I buy my spirulina in powder form from Nutrex-Hawaii. It goes great in smoothies! Nutrex-Hawaii also has an assortment of Spirulin in mulitvitamins and tablets.
1 Packet Stevia or Truvia (if you don’t like plant sweeteners then use Agave to taste)
Start by heating up 1/2 C of “milk” on medium to high heat. After a minute or two, throw in the oats, cinnamon, and chia seed and let them simmer for 2-3 minutes, stirring occasionally.
Add the egg whites or soft tofu. Stir vigorously for about 20 seconds to make sure it is evenly mixed with the oatmeal. Eggs will cause the oatmeal to thicken, so add the other 1/4 cup of milk (you can add more or less depending on your desired consistency). Let it cook for another 3 minutes.
Take it off the heat and let it cool for a minute or two. Then add the flax seed, spirulina, and stevia.
I’m a huuuuge fan of juicing. Lucky for me, my roommate has a fancy Bellevue Juicer.
Juicing is probably one of the best things you can do for yourself, with lots nutrients, the juice form helps quick absorption and digestion.
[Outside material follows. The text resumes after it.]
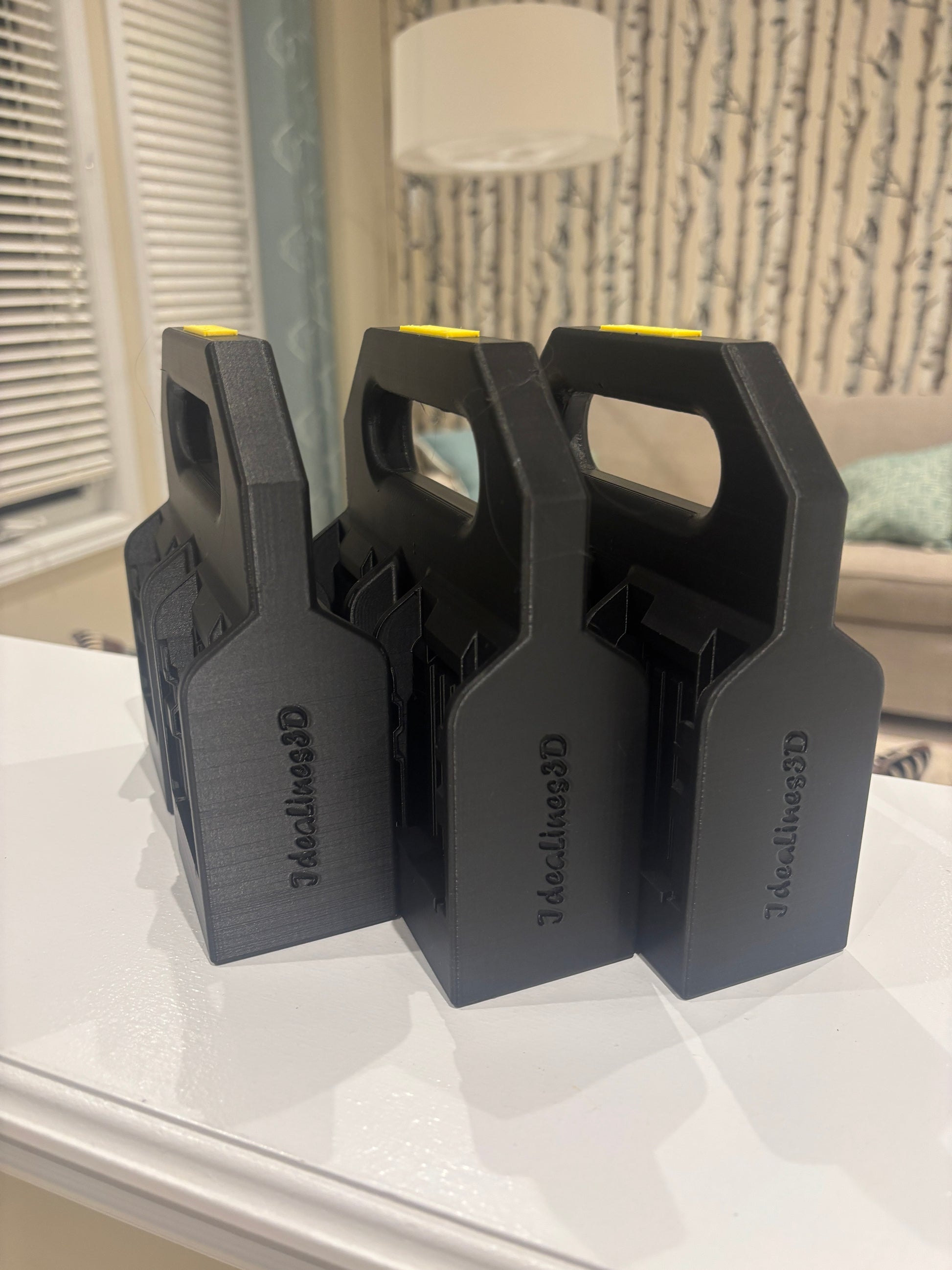 Introducing the custom-designed 4-Pack DeWalt Battery Caddy, crafted to carry, organize, and protect your DeWalt 20V and 60V batteries. This caddy holds up to four batteries, including the latest Power Stack models, with enough room to place even the largest batteries side-by-side comfortably. A secure latching system keeps your batteries firmly in place, preventing any movement or falls. The extended base lifts the batteries off the ground, protecting them from dirt and damage. For a personalized touch, add your name or company logo in black embossing—an ideal, practical gift choice.

And I always feel energized after I have my morning juice!
Make sure you buy organic!
3 Carrots (ends cut off)
1/6 of a Pineapple
1/4 Grapefruit (peeled)
3 Romaine Leaves
Make sure you rinse off your veggies before!
Pineapple just makes juicing so much yummier!
Don’t worry about cutting the center piece out of the pineapple. Even though we don’t tend to eat it since it is somewhat tough, the juicer can handle it and you get a few extra drops of pineapple in your drink.
I am a huge fan of the pre-cooked and marinated Tofu from Wildwood. I tend to eat half a pack when I’m on the run and looking for a snack, but their flavored tofu also goes great in a variety of dishes. I made this stir fry the other day, and then again for lunch today. It seriously tastes like heaven.
If you haven’t heard of Sriracha, it looks like this. My friend Carlie introduced me to this magical spicy sauce, and I use it on almost every stir fry I make. It is pretty strong, so go slow. You can always add more!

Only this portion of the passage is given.